Additional resolutions have been filed by the New York State Comptroller’s office, calling on Chevron to add a member to their board of directors with environmental liability expertise. And Newground Social Investment has requested that the threshold be lowered for calling a special meeting of shareholders.

“What we as shareholders have been doing is question whether Chevron's legal strategy is in the best interest of shareholders and asking the company to consider alternatives such as settling the case,” Billenness said. “We're also asking the SEC to assure that Chevron totally discloses these risks to shareholders. This they still have not done despite discrepancies between their legal statements and their SEC statements.”

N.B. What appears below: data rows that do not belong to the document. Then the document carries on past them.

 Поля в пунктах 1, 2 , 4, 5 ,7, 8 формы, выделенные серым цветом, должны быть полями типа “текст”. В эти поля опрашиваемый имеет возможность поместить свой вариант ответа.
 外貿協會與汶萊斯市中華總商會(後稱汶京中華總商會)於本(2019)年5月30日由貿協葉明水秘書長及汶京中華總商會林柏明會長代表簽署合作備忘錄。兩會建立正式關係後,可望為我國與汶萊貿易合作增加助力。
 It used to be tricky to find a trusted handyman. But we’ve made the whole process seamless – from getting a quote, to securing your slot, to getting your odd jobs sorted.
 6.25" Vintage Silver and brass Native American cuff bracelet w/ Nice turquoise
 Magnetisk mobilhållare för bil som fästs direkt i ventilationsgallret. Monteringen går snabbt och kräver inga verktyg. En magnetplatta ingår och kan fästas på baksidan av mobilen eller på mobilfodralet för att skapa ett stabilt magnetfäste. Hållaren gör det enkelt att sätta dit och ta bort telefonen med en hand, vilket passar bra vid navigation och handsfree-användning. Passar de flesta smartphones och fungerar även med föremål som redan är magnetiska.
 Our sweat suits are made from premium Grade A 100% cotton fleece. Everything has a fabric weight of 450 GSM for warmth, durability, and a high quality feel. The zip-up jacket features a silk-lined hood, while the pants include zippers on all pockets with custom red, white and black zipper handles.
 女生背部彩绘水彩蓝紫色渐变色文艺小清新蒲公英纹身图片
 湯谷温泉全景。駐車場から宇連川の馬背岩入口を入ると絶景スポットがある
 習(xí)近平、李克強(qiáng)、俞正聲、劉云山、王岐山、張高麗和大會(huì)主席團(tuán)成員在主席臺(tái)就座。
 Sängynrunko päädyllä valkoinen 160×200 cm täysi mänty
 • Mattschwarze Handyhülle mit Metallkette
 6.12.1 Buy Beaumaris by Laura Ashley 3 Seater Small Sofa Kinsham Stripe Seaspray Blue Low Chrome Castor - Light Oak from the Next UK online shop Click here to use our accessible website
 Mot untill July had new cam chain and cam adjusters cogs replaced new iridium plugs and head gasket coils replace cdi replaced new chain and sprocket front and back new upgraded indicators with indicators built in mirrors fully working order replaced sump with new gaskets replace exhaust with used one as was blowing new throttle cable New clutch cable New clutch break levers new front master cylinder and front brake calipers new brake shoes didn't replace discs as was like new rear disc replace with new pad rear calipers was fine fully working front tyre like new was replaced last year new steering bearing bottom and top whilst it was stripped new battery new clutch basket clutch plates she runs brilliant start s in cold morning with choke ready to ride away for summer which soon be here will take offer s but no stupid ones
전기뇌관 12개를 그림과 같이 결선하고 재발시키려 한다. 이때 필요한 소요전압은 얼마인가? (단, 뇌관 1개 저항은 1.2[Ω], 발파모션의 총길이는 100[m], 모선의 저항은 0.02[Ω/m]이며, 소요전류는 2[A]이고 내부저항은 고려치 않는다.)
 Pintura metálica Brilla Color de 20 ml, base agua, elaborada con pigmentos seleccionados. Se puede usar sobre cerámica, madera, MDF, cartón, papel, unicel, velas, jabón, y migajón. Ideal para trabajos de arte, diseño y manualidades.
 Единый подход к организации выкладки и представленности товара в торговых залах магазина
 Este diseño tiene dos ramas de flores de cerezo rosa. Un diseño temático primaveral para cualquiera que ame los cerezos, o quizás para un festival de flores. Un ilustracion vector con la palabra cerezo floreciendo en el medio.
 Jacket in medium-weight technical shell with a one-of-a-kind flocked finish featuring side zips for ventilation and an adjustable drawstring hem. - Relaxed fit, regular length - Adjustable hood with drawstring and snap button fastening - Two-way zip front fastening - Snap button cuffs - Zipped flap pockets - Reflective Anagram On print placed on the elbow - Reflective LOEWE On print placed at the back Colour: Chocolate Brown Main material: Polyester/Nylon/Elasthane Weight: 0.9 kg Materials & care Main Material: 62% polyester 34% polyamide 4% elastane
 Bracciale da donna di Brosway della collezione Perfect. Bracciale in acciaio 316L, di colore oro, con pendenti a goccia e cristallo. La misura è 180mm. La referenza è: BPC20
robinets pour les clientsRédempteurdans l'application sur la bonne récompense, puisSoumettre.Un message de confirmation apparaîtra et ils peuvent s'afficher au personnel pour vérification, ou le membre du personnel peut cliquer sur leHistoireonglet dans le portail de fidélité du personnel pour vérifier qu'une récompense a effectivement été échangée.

“We've been rebuffed in our efforts to discuss these issues with Chevron,” Billenness continued. “Instead the company has issued subpoenas against Trillium Asset Management and me, as well as a spurious ethics complaint against the New York State Comptroller. The subpoena was an attempt to harass and intimidate us into shutting up about their mishandling of the case in Ecuador. Management's effort to intimidate us has utterly failed.”

Nevertheless, Billenness added, Chevron shareowners continue to hold out hope for meeting at which their concerns can be aired. Asked if at some point joining the growing fossil fuel divestment movement might become an option, Billenness was unequivocal in his assertion that shareowner engagement is the better investment strategy.

“If Chevron does not fear shareholder activism, why did they subpoena me?” he asked. “Chevron would like nothing better than for us to divest our stocks. I'm not inclined right now to do anything that Chevron's management wants.”

Regarding the divestment movement in general, Billenness observed, “We're not seeing moves by big institutional investors to divest.”

“The University of Washington reached an agreement with its student divestment group, not to divest but in fact to use shareholder advocacy where they have fossil fuel holdings.”